10. Despite how much you love doing something, it is still important to evaluate if that thing has adverse effects on other people in your life that you love.
11. Be confident enough in who you are working towards being to allow yourself the humility of what it will take to get there.
12. It is perfectly fine to be proud of your accomplishments, just don’t ever become prideful.
13. Most people live in fear, predominately the fear of actually putting their pride on the line and challenging themselves to even make an attempt at their dreams.
14. You can go further and faster with the right people around you.
15. They don’t know that when they call you crazy for doing what you are doing, they are simply fueling the fire.
16. Good music makes everything better.
17. You don’t actually get stronger during the challenge. You only get stronger when you recover, reflect and learn from the challenge.

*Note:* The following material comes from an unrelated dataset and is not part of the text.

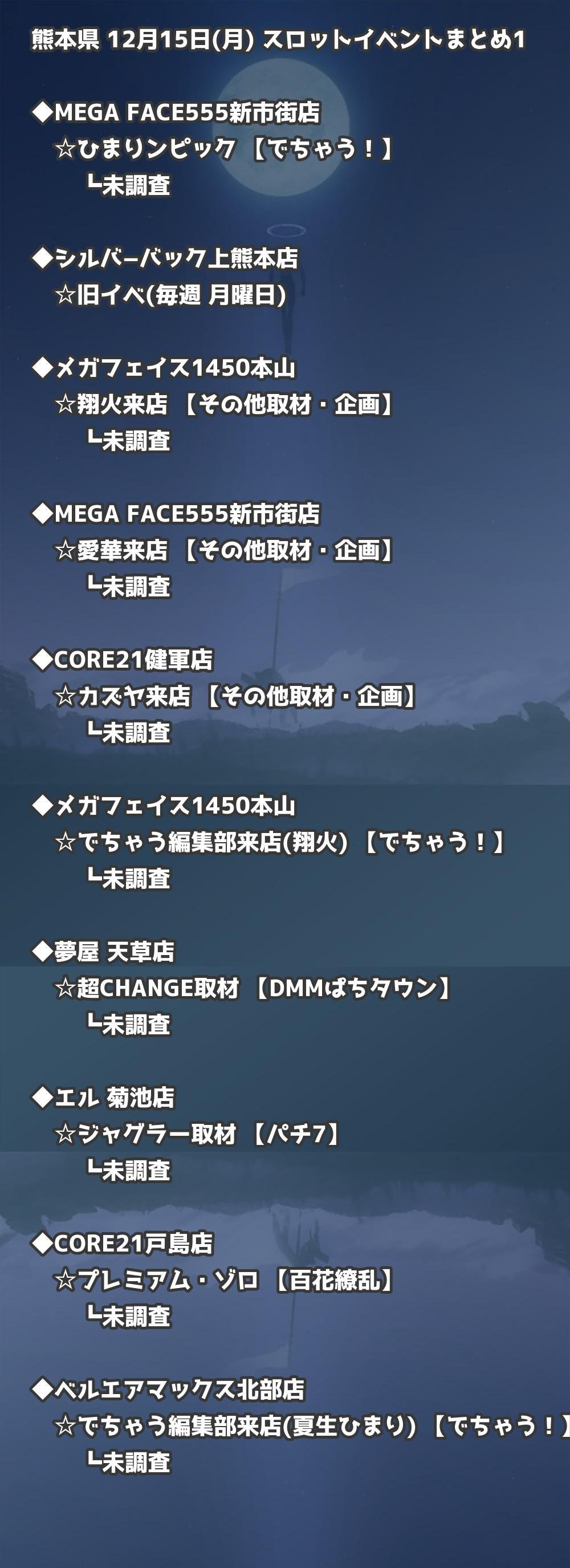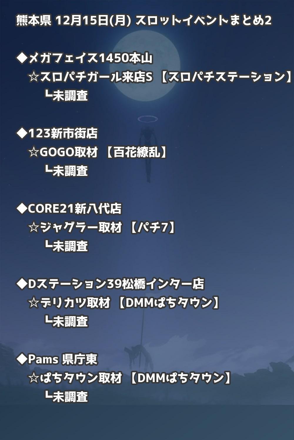 【熊本県】12月15日(月) パチンコホールイベント取材まとめ記事です。

19. If you don’t embrace risk and change, you thwart your real opportunities for progress.
20. Every day is a new battle with it’s new challenges. Having the mindset and willingness to fight through a challenge before you even face it or know what it is, is a key part to conquering it.

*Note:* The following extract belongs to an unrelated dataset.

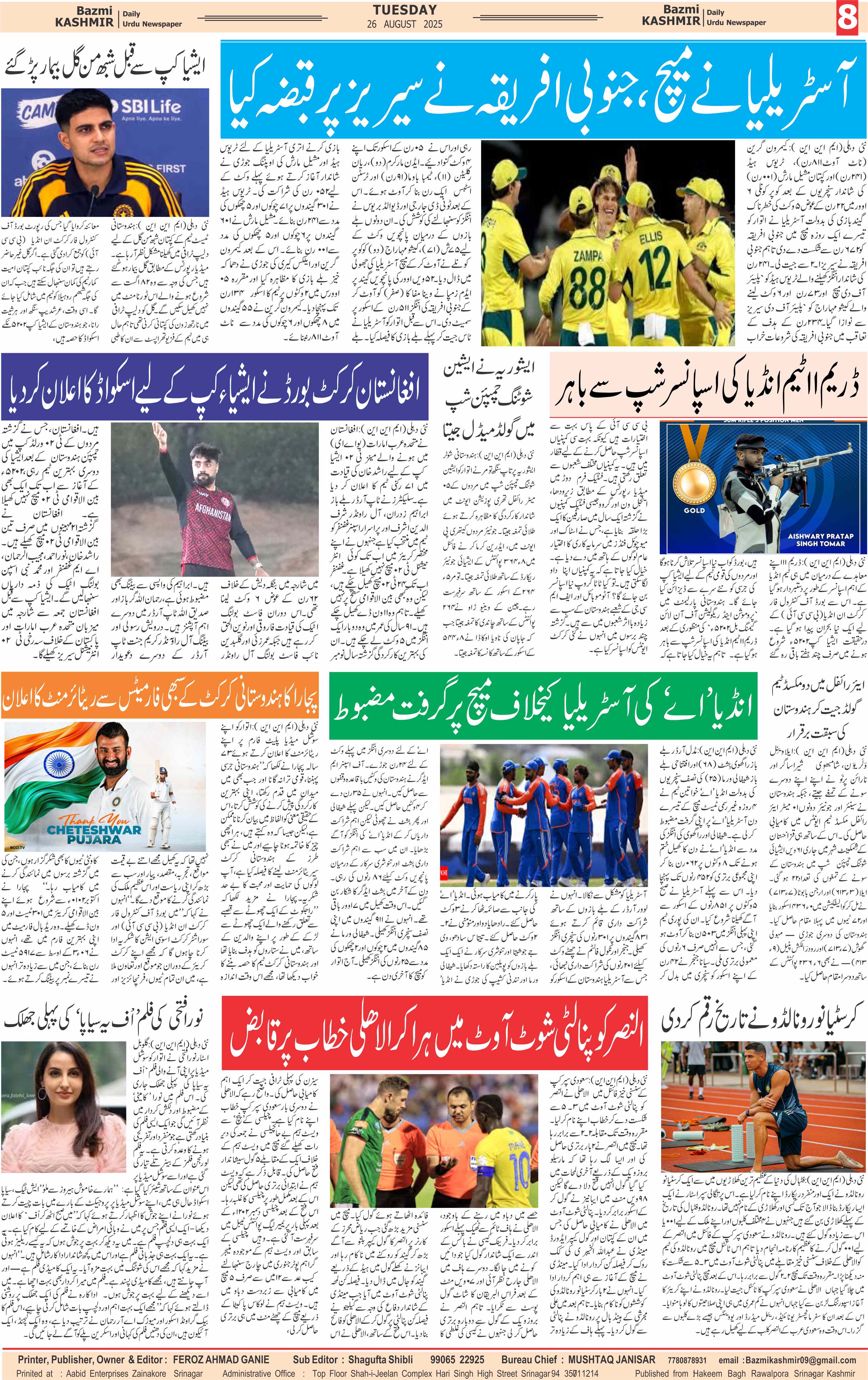 Bazam Kashmir Page: 8 August 26, 2025 << First << 8 >> Last >> Page 1Page 2Page 3Page 4Page 5Page 6Page 7Page 8 × Bazam Kashmir B -8 B -1B -2B -3B -4B -5B -6B -7B -8

21. Remember that as hard as you have it, someone out there is hurting infinitely more than you are.
22. Drink lots of water.
23. Talk to other people and actually listen and apply what they have to tell you.
24. Bring the right tools with you, or you’ll be completely screwed.
25. Understand that your body will want to quit at times. There will be moments in every journey where it would feel great to simply quit, but those moments pale in comparison to the feeling of getting past them and achieving your goal.
26. If you are in a rut or on a plateau, change your routine.
27. Stop and watch a sunset every once and a while.
28. There are times when your perception of yourself is vastly different than others perception of you, but who cares what they think as long as you are being honest with yourself.
29. Reflect often on the lessons you have learned from your past, you will need them for your future.
30. Those who have prepared and those who haven’t will be separated quickly.
31. There is absolutely no substitute for putting in your time. You can want something as much as is possible and be as motivated as is possible, but sometimes the clock simply needs to tick for you to learn what you need to learn in order to get where you are going.
32. Take a huge deep breath every once and a while.
33. You are the best of your mother, and the best of your father, and that’s pretty darn good.
34. As much as you want to have people learn from your experiences, they most often have to go through them for themselves to really understand what you were trying to tell them, and that’s ok.
35. You can break through most barriers with sheer unadulterated will power, at least I can.
36. Typically when you arrive at your destination, you realize that you could have pushed harder.
37. Balance is important.
38. The moment you realize that it’s not about you, you are able to find more energy to help the person right next to you.
39. Beer is a perfectly acceptable recovery drink.
If you made it this far, thanks for reading. Any favorite #’s you read or lessons you want to share?